The centrality of translations is such that I undertook to translate the entire four Nikāyas, as well as the older books of the Khuddaka Nikāya. Those of us who teach in the field of early Buddhism are constantly reminded of how even basic knowledge of the ABCs of the field is rare. Many are those who are confident to sound off about “Buddhism” or even to start their own school, but few indeed are those who have taken the time to understand what the Buddha was saying.

For myself, and for the majority of people, the early texts are the most interesting and important, as they record whatever we have of the actual teachings of the Buddha and his early community. And that is why those texts—essentially the Sutta texts that I have translated and the Vinaya, which has also been translated afresh by Bhikkhu Brahmali for SuttaCentral—have been the focus of my work with SuttaCentral. And that remains the case; this project in Pali is only one of our ongoing efforts, alongside translation of Chinese and Sanskrit texts. Not Tibetan yet, unfortunately!

Nonetheless, the later parts of the canon, as also the commentarial literature, are also scriptures of great antiquity and importance. This literature, created over a period of perhaps 800 years, records the responses of a considerable portion of the Buddhist community to their changing situation and ideas. It preserves the opinions and teachings of many great monastics and practitioners of the past.

This literature is highly varied: from the elaborate devotional poetics of the Buddhavaṁsa, to the earthy storytelling of the Jātakas, to the realistic dialogues of the Milinda, to the laser-like technical manuals of the Abhidhamma. It spans a long period of evolution of language, context, and ideas.

There are those who relate to this later literature as inviolable scripture, the unerring authority of the tradition, supplanting in practice if not theory the word of the Buddha himself. And there are others for whom anything less than the pure word of the Buddha himself is dismissed as useless and vapid corruption. It should not need saying that neither of these approaches represent the attitude of a scholar and a seeker of truth. A scholar seeks learning because learning is joyful and heartening for its own sake; but more because learning deepens compassion and wisdom.

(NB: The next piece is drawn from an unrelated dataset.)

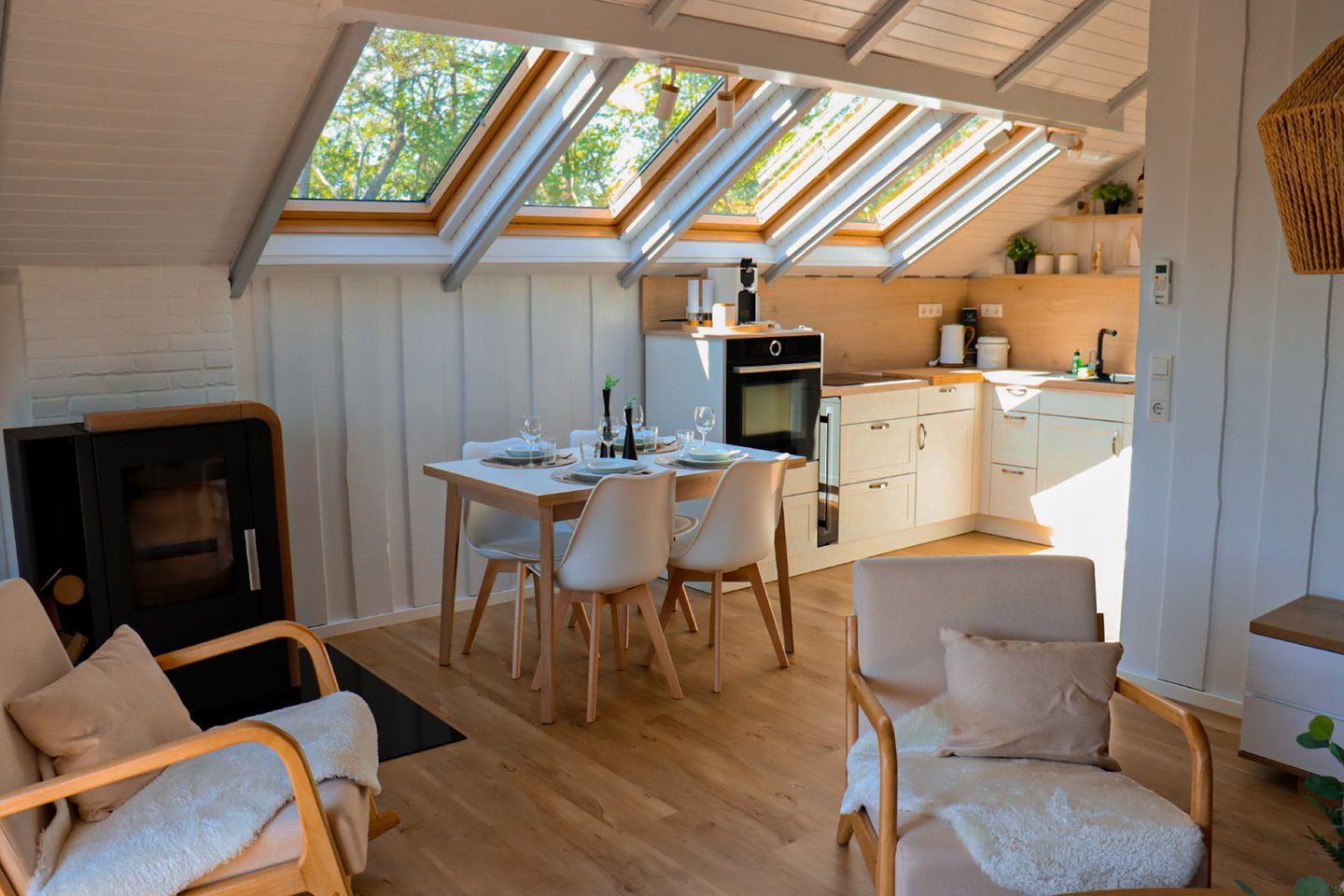 Das dänische Ferienhaus "Kiek in" bietet auf 63m² Traumurlaub pur! Im offenen Wohn- und Essbereich mit Küchenzeile kann auf dem Sofa herrlich entspannt und in der Küche nach Lust & Laune gekocht werden. Durch die bodentiefen Fenster und großen Dachfenster bietet das Ferienhaus jede Menge Licht und durch die gemütliche Einrichtung kommt direkt Urlaubsfeeling auf! Der Kamin sorgt an kälteren Tagen für eine wohlige und gemütliche Atmosphäre. An warmen Sommertagen schafft die Klimaanlage eine angenehme Temperatur. Das Ferienhaus bietet zwei Schlafzimmer: eines ist mit einem kleinen gemütlichen Doppelbett (140×200cm) ausgestattet, das andere Schlafzimmer bietet zwei komfortable Einzelbetten (je 80×200cm). Beide Zimmer sind mit Flachbild-TVs eingerichtet und für erholsame Urlaubsnächte gibt es Verdunkelungsmöglichkeiten. Ein weiteres kleines Zimmer bietet ein Hochbett (für Kinder bis 12 Jahre) mit einem Schreibtisch - ideal, falls im Urlaub die Arbeit doch nicht warten kann. Das Sofa im Wohnbereich lässt sich zu einem Schlafsofa ausziehen und bietet eine weitere Schlafmöglichkeit (140×200cm). Im Badezimmer finden Sie eine Dusche sowie Föhn und Handtuchtrockner vor. Der Hauswirtschaftsraum verfügt über eine Waschmaschine und einen Wäscheständer, sodass auch längeren Aufenthalten nichts im Wege steht! Die große Holzterrasse lädt zu gemütlichen Sonnenstunden mit der ganzen Familie. Der Sonnenschirm sorgt für ein schattiges Plätzchen und an lauen Sommerabenden kann am Holzkohlegrill gegrillt werden. Auf der Auffahrt zum Ferienhaus sind hintereinander zwei PKW-Stellplätze vorhanden. Der Strand befindet sich in ca. 150m Entfernung, sodass Sie den Strand zu jeder Zeit in nur wenigen Fußminuten erreichen können! Abends den Sonnenuntergang am Meer beobachten, Spaziergänge an der frischen Meerluft und an heißen Sommertagen im erfrischenden Meer baden gehen - was will man Mee(h)r?

The plain fact is that all of us who want to learn about of practice Buddhism or meditation or mindfulness are leaning on the Commentaries in countless ways that we are not even aware of. It is from the Commentaries that we have learned much of the practical business of how to meditate, and from them that the meanings of countless Pali words are understood. They give context and flesh to the life of the Buddha, and illuminate the lives of his followers.

To translate these later texts, then, is an act of empathy and curiosity. We want to understand Buddhism better, and to do that we need to know what Buddhists have said. I for one can’t wait to see what we find out.